La Tunisie tourne la page d’un Mondial 2026 cauchemardesque. La Fédération tunisienne de football a officialisé jeudi la nomination de Mouine Chaabani au poste de sélectionneur national, avec un mandat courant jusqu’à la Coupe du monde 2030. Le technicien tunisien, jusqu’alors en poste à la Renaissance sportive de Berkane au Maroc, hérite d’une sélection profondément fragilisée par son élimination dès la phase de groupes — la plus cuisante de son histoire récente.
Un recrutement qui a nécessité trois tentatives
La nomination de Chaabani n’a rien eu d’une évidence. La Fédération avait approché le technicien à deux reprises auparavant sans parvenir à conclure. C’est la troisième démarche qui a été la bonne. Dans un communiqué, le RS Berkane a expliqué les raisons de sa décision de libérer son entraîneur alors que celui-ci était encore sous contrat jusqu’en juin 2027 : « Compte tenu de l’importance particulière que représente la fonction de sélectionneur national, ainsi que de la portée patriotique qu’implique le fait de répondre à l’appel de son pays et de servir son équipe nationale, le RS Berkane a fait preuve de compréhension à l’égard de cette demande. » Le club marocain a également invoqué « l’esprit des relations fraternelles, du respect mutuel et de la coopération sportive qui unissent le Royaume du Maroc et la République tunisienne. »

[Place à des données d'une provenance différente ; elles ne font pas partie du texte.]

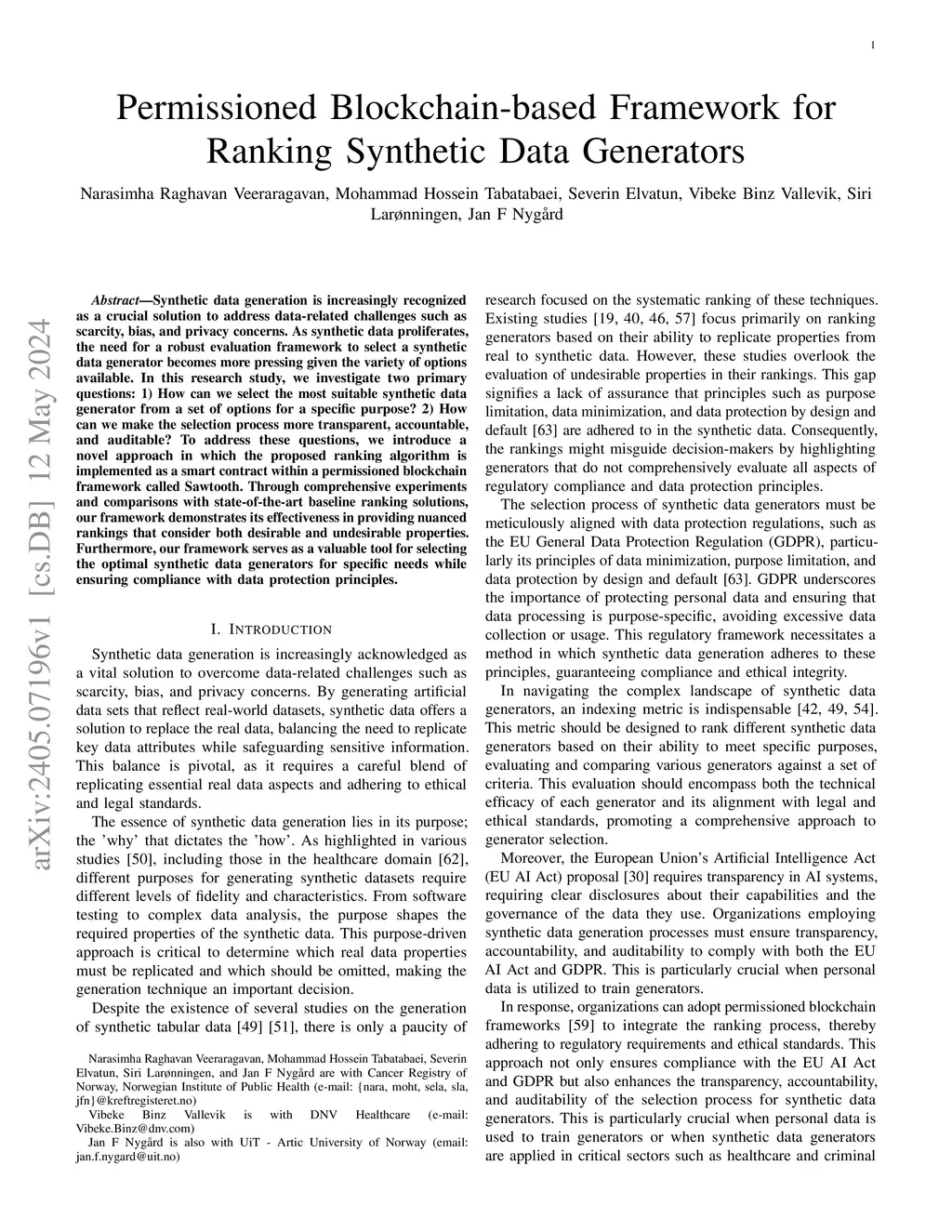 Permissioned Blockchain-based Framework for Ranking Synthetic Data

Chaabani sera accompagné du même staff technique qui l’entourait à Berkane, avec notamment le retour de Majdi Traoui au poste d’entraîneur adjoint — un visage familier pour les supporters tunisiens.
Un parcours de club couronné de succès
Si le nom de Mouine Chaabani est moins connu en dehors du Maghreb que certains de ses contemporains, son bilan à la tête du RS Berkane plaide fortement pour lui. En deux ans et demi passés dans l’Oriental marocain, il a conduit le club vers son premier titre de champion du Maroc, avant d’enchaîner avec la Coupe de la Confédération CAF en 2025 — un doublé historique pour une institution qui n’avait jamais atteint ce niveau de réussite. Ce parcours lui a valu une reconnaissance continentale et une réputation de bâtisseur capable d’installer une culture de la gagne dans des contextes parfois précaires.

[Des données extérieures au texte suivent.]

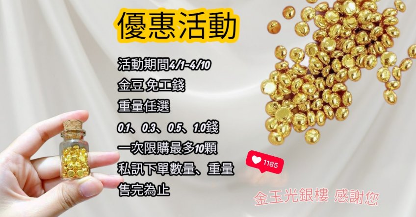 活動期間(4/1-4/10)為期10天 金豆 免工錢 免工錢 免工錢 重量任選 0.1、0.3、0.5、1.0錢 一次限購最多10顆 私訊下單數量、重量,可選擇瓶裝、袋裝 依照當下浮動牌價計算價格 售完為止

Une succession complexe après un naufrage collectif
Le contexte dans lequel Chaabani prend ses fonctions est particulièrement délicat. Le Mondial 2026 a été une catastrophe industrielle pour les Aigles de Carthage. Après la lourde défaite inaugurale contre la Suède (5-1), le sélectionneur Sabri Lamouchi avait été limogé en plein tournoi — un scénario rare dans l’histoire de la compétition. Hervé Renard, appelé en urgence pour gérer les deux derniers matchs de groupe, n’avait pas davantage réussi à redresser un bateau déjà coulé : défaite contre le Japon (0-4) puis contre les Pays-Bas (3-1). Bilan final : zéro point, douze buts encaissés, dernière place du groupe F. La pire performance de la Tunisie dans une phase finale de Coupe du monde.
Renard, dont le contrat ne couvrait que la durée du tournoi, avait ensuite choisi de ne pas prolonger l’aventure, laissant la Fédération face à ses responsabilités.
Une reconstruction sur quatre ans
La mission confiée à Chaabani est à la hauteur de l’ampleur du chantier. Il devra dans un premier temps préparer les éliminatoires de la CAN 2027, qui débuteront dans les prochains mois, tout en entamant le travail de fond nécessaire pour rebâtir une équipe nationale qui a perdu confiance et identité. La Tunisie n’a jamais été la nation africaine au vivier individuel le plus impressionnant. Elle a construit son histoire sur une rigueur tactique et une organisation collective qui lui ont permis de remporter la CAN 2004 et de participer à sept Coupes du monde. C’est précisément cette identité que le nouveau sélectionneur devra tenter de restaurer.
Le chemin jusqu’au Mondial 2030 sera long. Mais pour la première fois depuis le début de l’été, la Tunisie a au moins un nom sur son banc et un projet à défendre.